Thursday, 6 May 2010

And so...

And so they went out to vote about 10am and saw a busy line of elderly men and women, more of them than usual, queueing in semi-orderly fashion, and one very old man in front of them had forgotten his registration card but remembered his personal number and bellowed it, full force, in a quivering, shaking, shrill voice, like something unexpectedly loud from the bottom of a well, at the bemused and startled clerk. All the young must be out working, they thought, but they'll get there before 10pm and have a party, drinking cans and nipping in to cast their votes...

...and there were present
the Picninnies,
and the Joblillies,
and the Garyulies,
and the great Panjandrum himself,
with the little round button at top;
and they all fell to playing the game of catch-as-catch-can,
till the gunpowder ran out at the heels of their boots...
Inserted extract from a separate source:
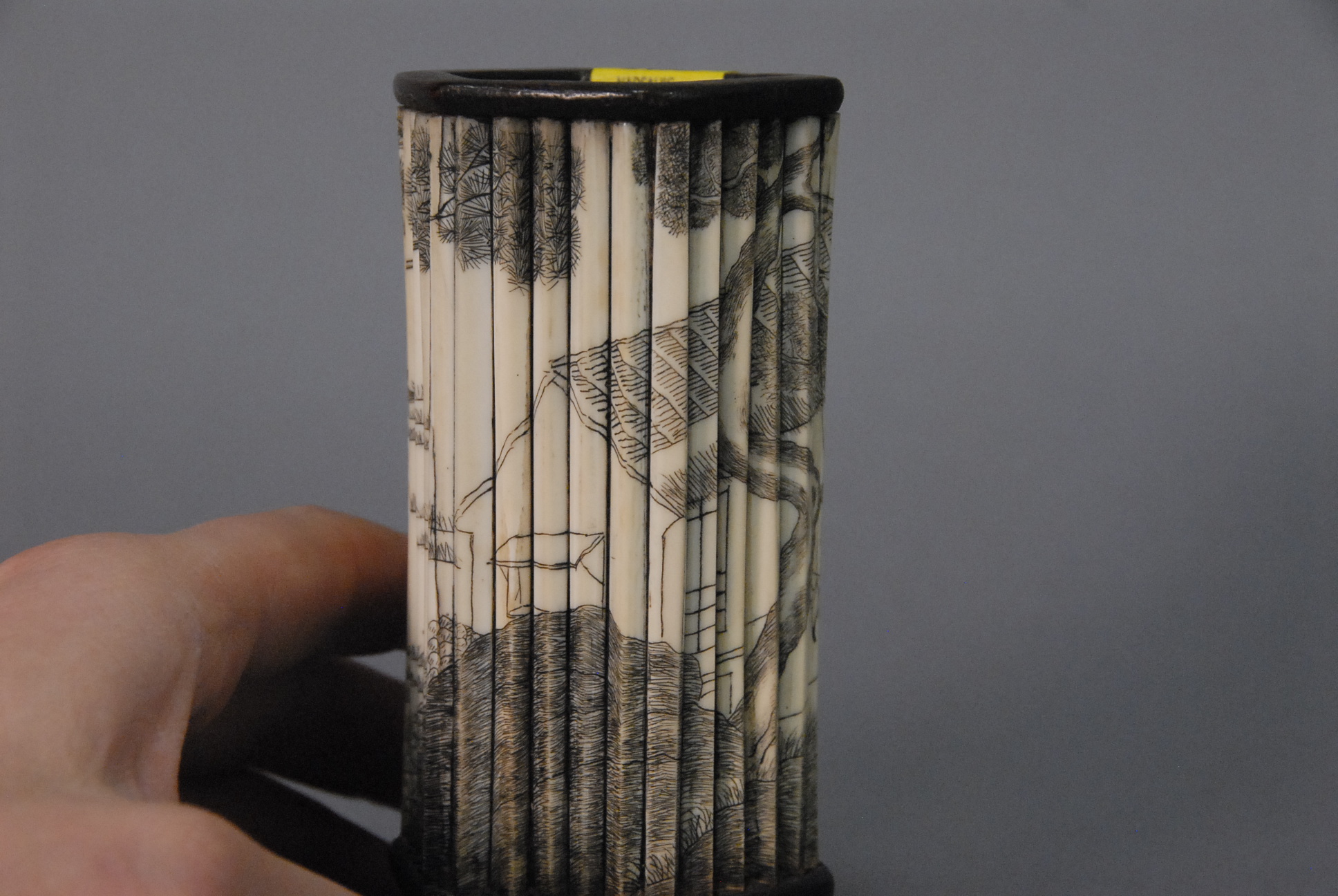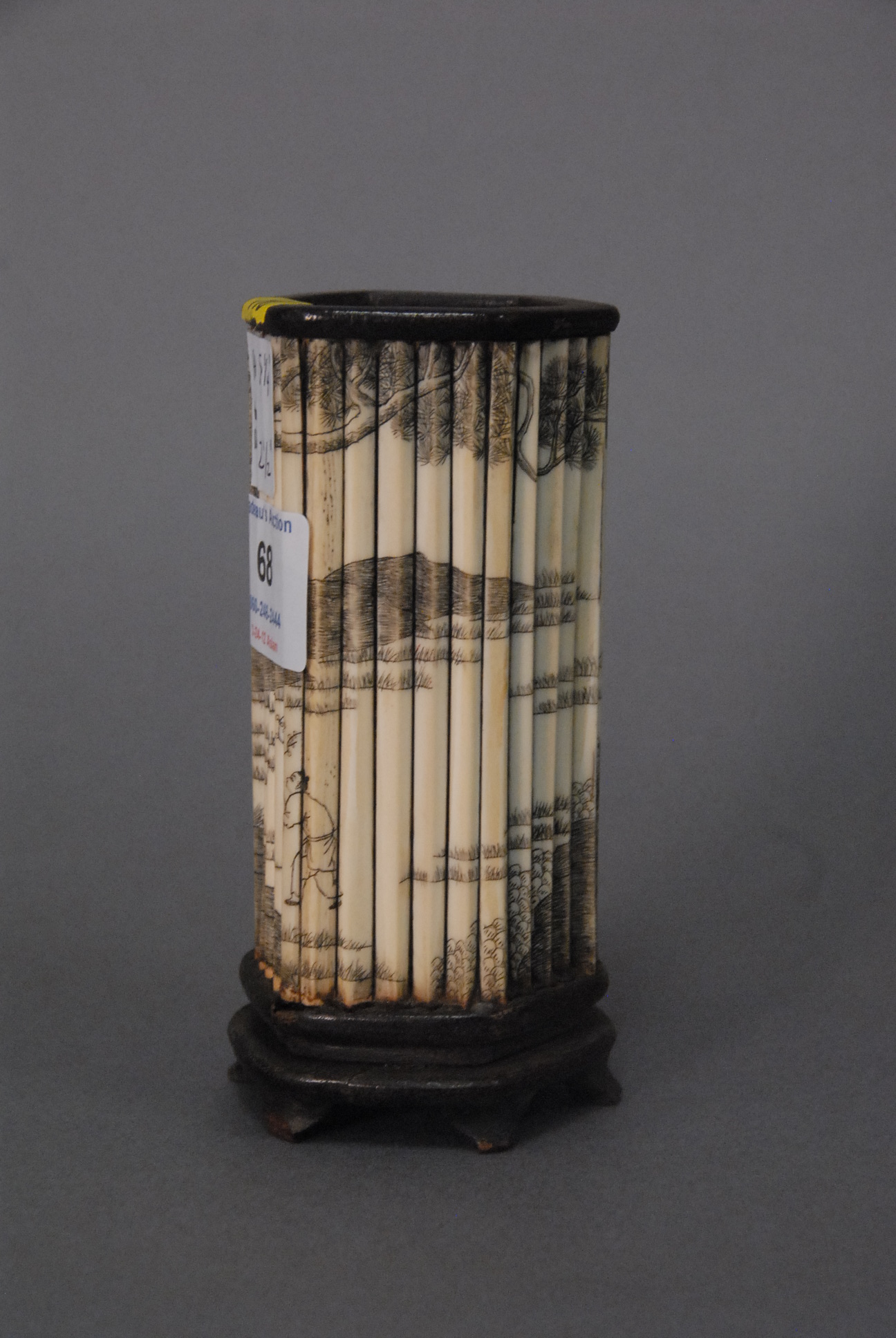 Lot 68: Ivory hexagon stick vase, made of thirty small ivory sticks and incised landscape, with carved wood top and bottom, ht 5 1/4 .
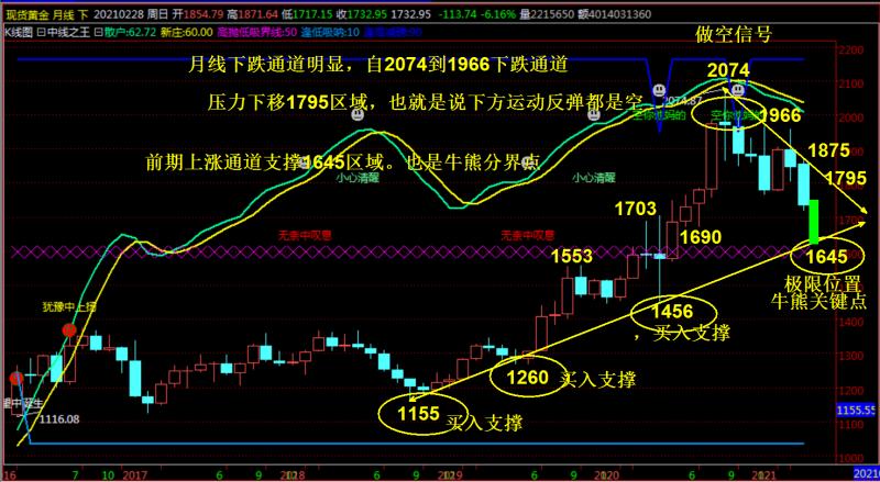 周五美联储集体讲话宽松继续,其实这些都是掩饰,市场依然不买账,毕竟基本面好于预期,而且10年期国债收益率继续上行,虽然1.9万亿宽松达成,但是这些都是大选前知道的消息无非走个形式过程,当真到鞋子落地那就是利多出尽是利空,所以股指开启冲高回落,黄金跳空缺口也是当日回补,显然这是弱势横盘震荡走势,如果强势一定在缺口上横盘整理三日以上,目前没有直接回补缺口,那么如果早上跟风追多做多都是一地鸡毛,所以交易必须提前蛰伏,现在既然1708上做多都是损或者套,那么现在欧盘和晚上才会借助缺口下再次震荡,周五连续几次1705的反弹高点成现在压力区域,也即是说如何欧盘和晚上不能收复这里,那么继续震荡下跌筑底开启,而且月线自1155上涨通道支撑1640区域,去年三月1640带1765横盘整理下轨也是这个区域支撑,综合这些可以看出多空牛熊分界点在1640才有大的反复行情和中线机会,既然缺口回补,技术很多看到这里,给你参与就是坑,那就是说在缺口下惯性10到15美金以后再去考虑博弈短多,也就是说在1685区域可以博弈,而且1640上还有一个比较关键点1670个人看好这里有大反弹走势,所以现在就是挂单1670.8多和1640中线多布局等待。当然第一次触及缺口反弹如果不能收复1703暂时放弃多等反弹继续做空。综合上述操作思路如下:

In about two hours down to London for the PBS board at the new HQ, only just moved into. Meanwhile, back to work. And possibly to shave. I fancied the thought of going to vote unshaven and a little disreputable, just to show the slobs of the world care.


witwoud said...

The great Panjandrum is ineligible to vote, being a member of the Lords. I'm surprised he doesn't know this.

Mark Granier said...

Sadly, it looks as if the Tories may get in. Not that Brown & Co thrill me, but I think that Labour is still the sanest choice. There's a poll over on the POF forum (if casting one vote isn't enough for you).

George S said...

That little round button on the top instantly turns him into a commoner, witwoud. Just press it and see!

Mark, I do suspect you are right. We shall become the Cameroons, with the exception of Wayne Rooney, who'll become a Camerooney (with a little round button on top).